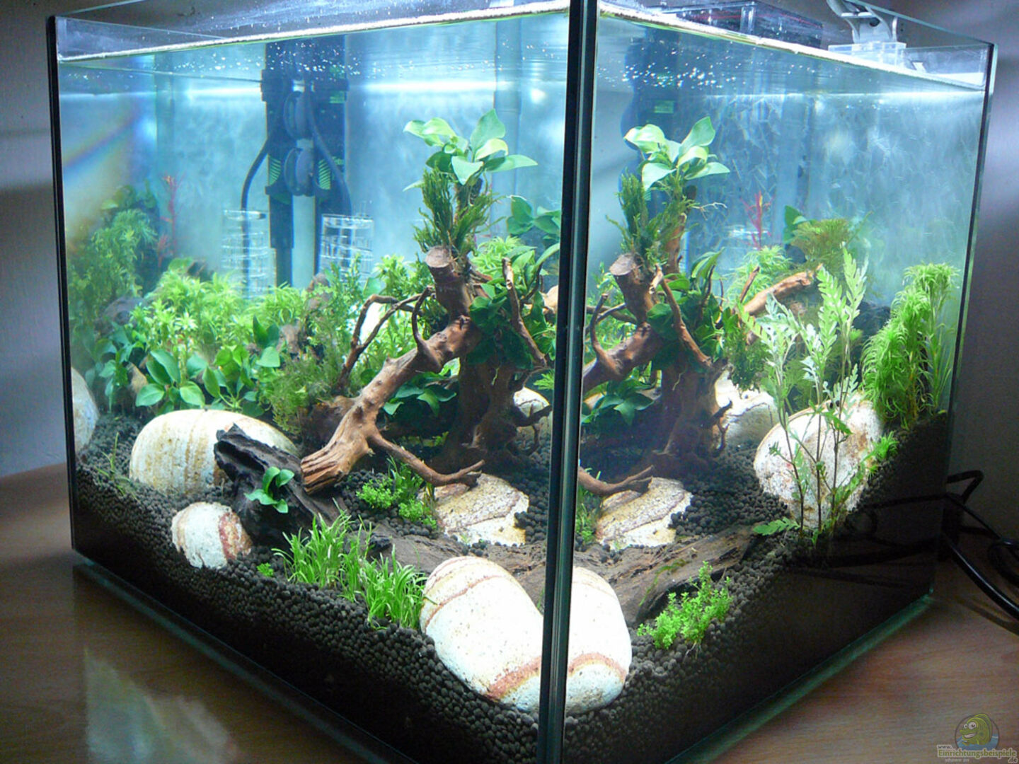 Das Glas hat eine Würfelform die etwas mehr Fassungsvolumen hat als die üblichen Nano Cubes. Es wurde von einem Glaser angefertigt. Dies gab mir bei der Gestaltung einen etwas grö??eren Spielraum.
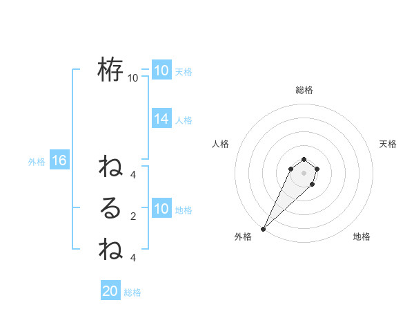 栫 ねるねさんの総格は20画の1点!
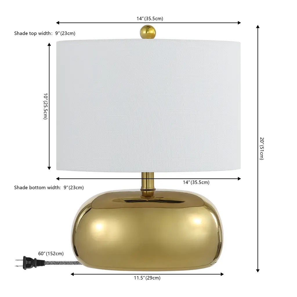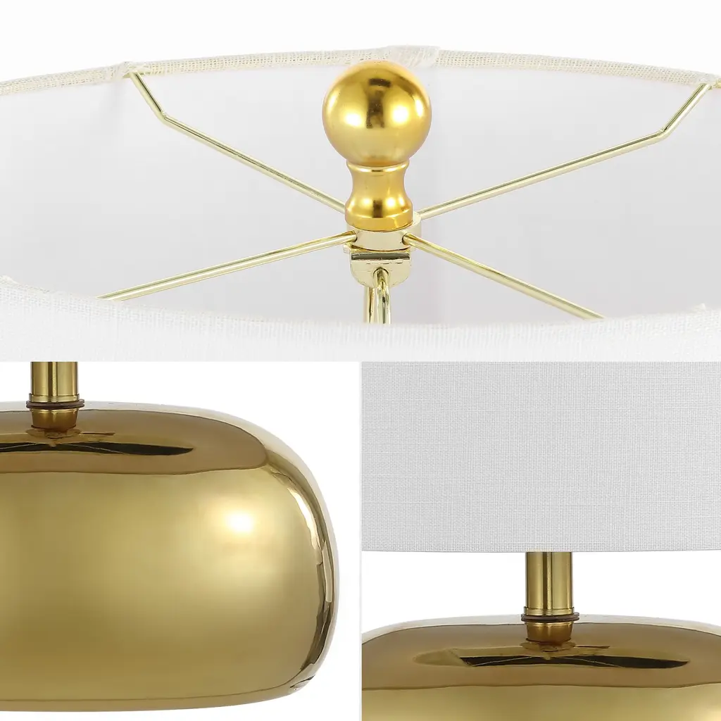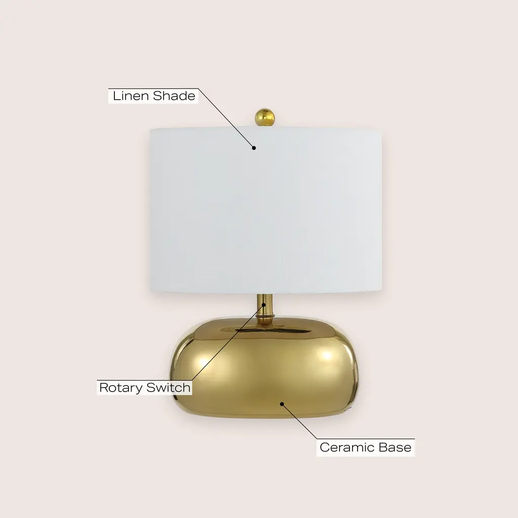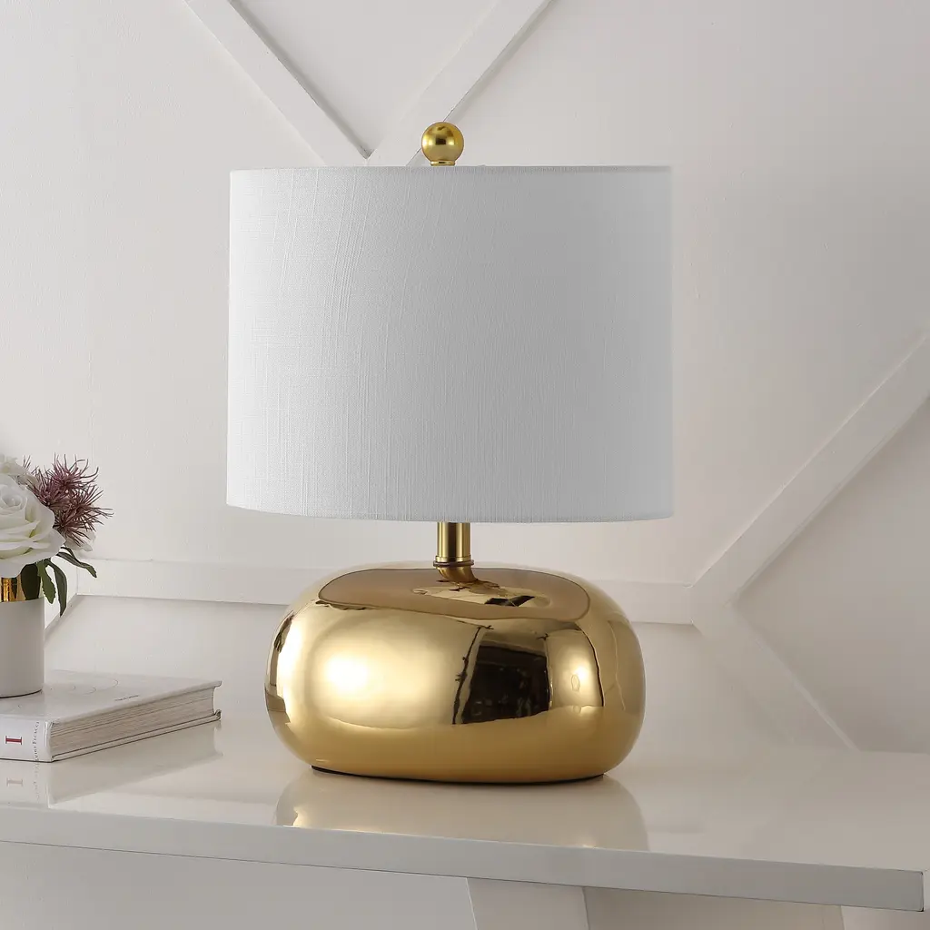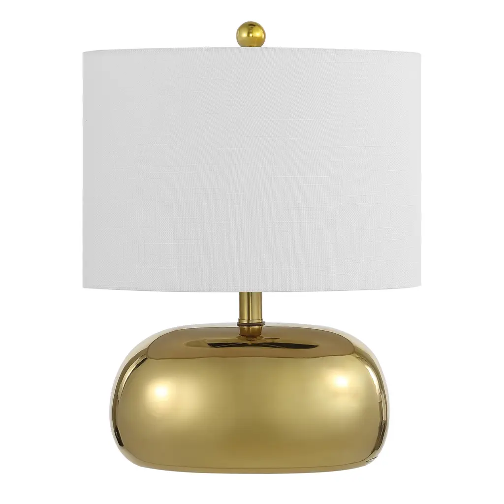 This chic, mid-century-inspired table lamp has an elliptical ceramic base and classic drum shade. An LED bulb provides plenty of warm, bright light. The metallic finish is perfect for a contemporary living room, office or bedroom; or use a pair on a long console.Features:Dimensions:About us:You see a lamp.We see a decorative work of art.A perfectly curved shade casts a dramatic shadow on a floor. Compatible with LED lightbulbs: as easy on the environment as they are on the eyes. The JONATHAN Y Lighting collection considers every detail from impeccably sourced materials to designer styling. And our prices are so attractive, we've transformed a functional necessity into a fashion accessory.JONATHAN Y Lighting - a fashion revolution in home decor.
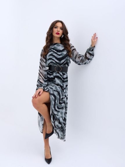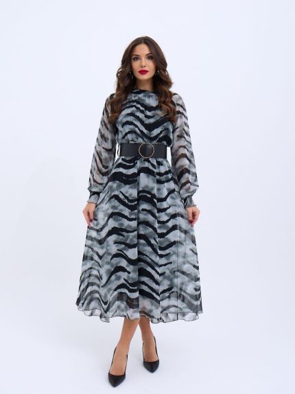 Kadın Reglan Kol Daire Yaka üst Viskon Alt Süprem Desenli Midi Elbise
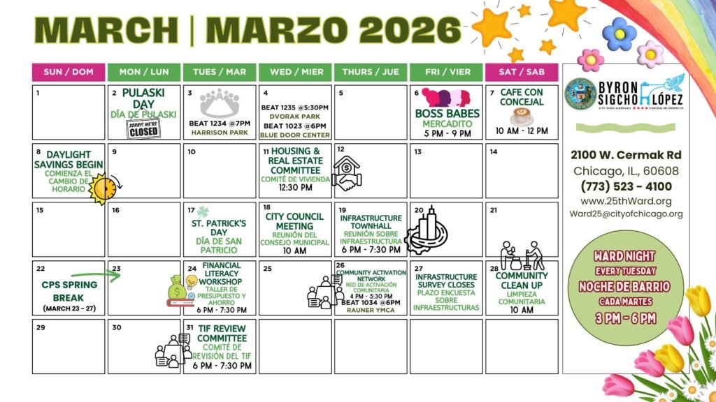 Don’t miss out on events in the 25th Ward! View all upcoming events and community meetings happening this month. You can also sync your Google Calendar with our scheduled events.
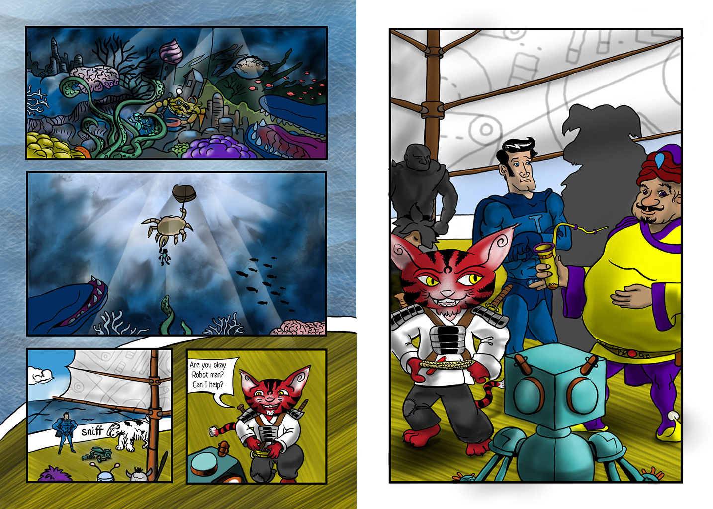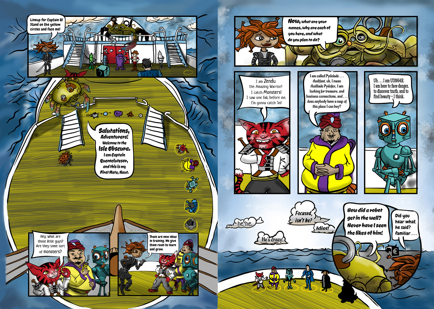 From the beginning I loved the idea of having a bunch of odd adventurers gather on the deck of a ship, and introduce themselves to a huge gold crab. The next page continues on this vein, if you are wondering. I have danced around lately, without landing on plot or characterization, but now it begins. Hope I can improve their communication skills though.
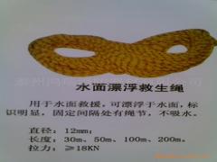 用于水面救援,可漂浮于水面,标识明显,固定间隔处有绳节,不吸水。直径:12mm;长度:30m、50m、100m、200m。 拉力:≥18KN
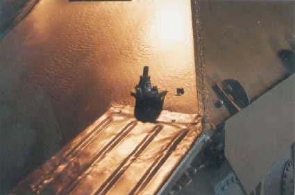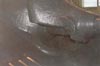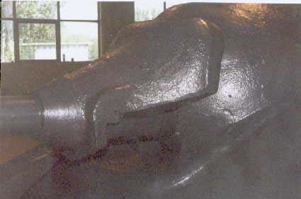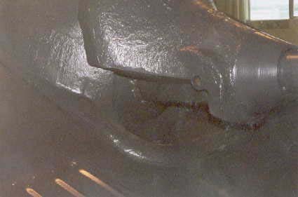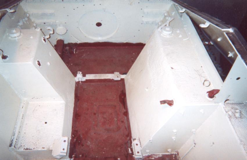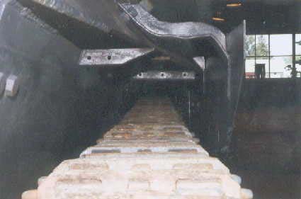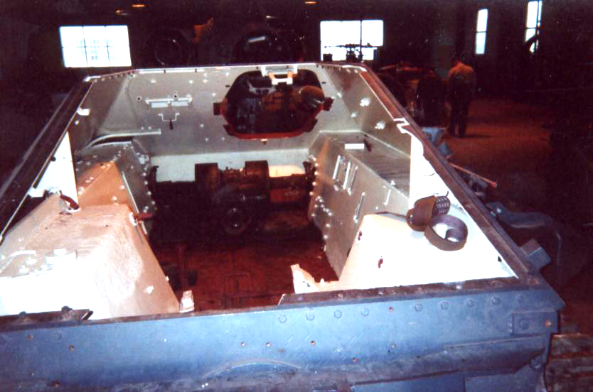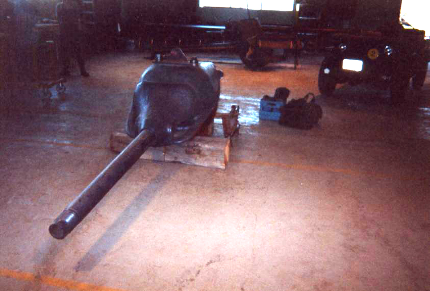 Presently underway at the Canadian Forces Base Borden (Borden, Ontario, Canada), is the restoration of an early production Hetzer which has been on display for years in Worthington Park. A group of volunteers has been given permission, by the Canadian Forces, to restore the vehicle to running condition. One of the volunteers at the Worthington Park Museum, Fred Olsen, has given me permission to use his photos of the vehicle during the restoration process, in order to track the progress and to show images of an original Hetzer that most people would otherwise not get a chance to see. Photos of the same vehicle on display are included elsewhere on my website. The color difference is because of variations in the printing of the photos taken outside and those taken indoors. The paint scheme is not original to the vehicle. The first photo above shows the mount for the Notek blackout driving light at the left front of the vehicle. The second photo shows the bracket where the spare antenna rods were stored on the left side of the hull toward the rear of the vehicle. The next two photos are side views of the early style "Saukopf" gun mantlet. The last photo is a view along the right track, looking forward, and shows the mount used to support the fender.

TASK DESCRIPTION →
Could you repeat the listing above exactly, omitting its pictures?

REPLY →
 Das Glas hat eine Würfelform die etwas mehr Fassungsvolumen hat als die üblichen Nano Cubes. Es wurde von einem Glaser angefertigt. Dies gab mir bei der Gestaltung einen etwas grö??eren Spielraum.
 栫 ねるねさんの総格は20画の1点!
 This chic, mid-century-inspired table lamp has an elliptical ceramic base and classic drum shade. An LED bulb provides plenty of warm, bright light. The metallic finish is perfect for a contemporary living room, office or bedroom; or use a pair on a long console.Features:Dimensions:About us:You see a lamp.We see a decorative work of art.A perfectly curved shade casts a dramatic shadow on a floor. Compatible with LED lightbulbs: as easy on the environment as they are on the eyes. The JONATHAN Y Lighting collection considers every detail from impeccably sourced materials to designer styling. And our prices are so attractive, we've transformed a functional necessity into a fashion accessory.JONATHAN Y Lighting - a fashion revolution in home decor.
 Kadın Reglan Kol Daire Yaka üst Viskon Alt Süprem Desenli Midi Elbise
 Don’t miss out on events in the 25th Ward! View all upcoming events and community meetings happening this month. You can also sync your Google Calendar with our scheduled events.
 From the beginning I loved the idea of having a bunch of odd adventurers gather on the deck of a ship, and introduce themselves to a huge gold crab. The next page continues on this vein, if you are wondering. I have danced around lately, without landing on plot or characterization, but now it begins. Hope I can improve their communication skills though.
 用于水面救援,可漂浮于水面,标识明显,固定间隔处有绳节,不吸水。直径:12mm;长度:30m、50m、100m、200m。 拉力:≥18KN
 Presently underway at the Canadian Forces Base Borden (Borden, Ontario, Canada), is the restoration of an early production Hetzer which has been on display for years in Worthington Park. A group of volunteers has been given permission, by the Canadian Forces, to restore the vehicle to running condition. One of the volunteers at the Worthington Park Museum, Fred Olsen, has given me permission to use his photos of the vehicle during the restoration process, in order to track the progress and to show images of an original Hetzer that most people would otherwise not get a chance to see. Photos of the same vehicle on display are included elsewhere on my website. The color difference is because of variations in the printing of the photos taken outside and those taken indoors. The paint scheme is not original to the vehicle. The first photo above shows the mount for the Notek blackout driving light at the left front of the vehicle. The second photo shows the bracket where the spare antenna rods were stored on the left side of the hull toward the rear of the vehicle. The next two photos are side views of the early style "Saukopf" gun mantlet. The last photo is a view along the right track, looking forward, and shows the mount used to support the fender.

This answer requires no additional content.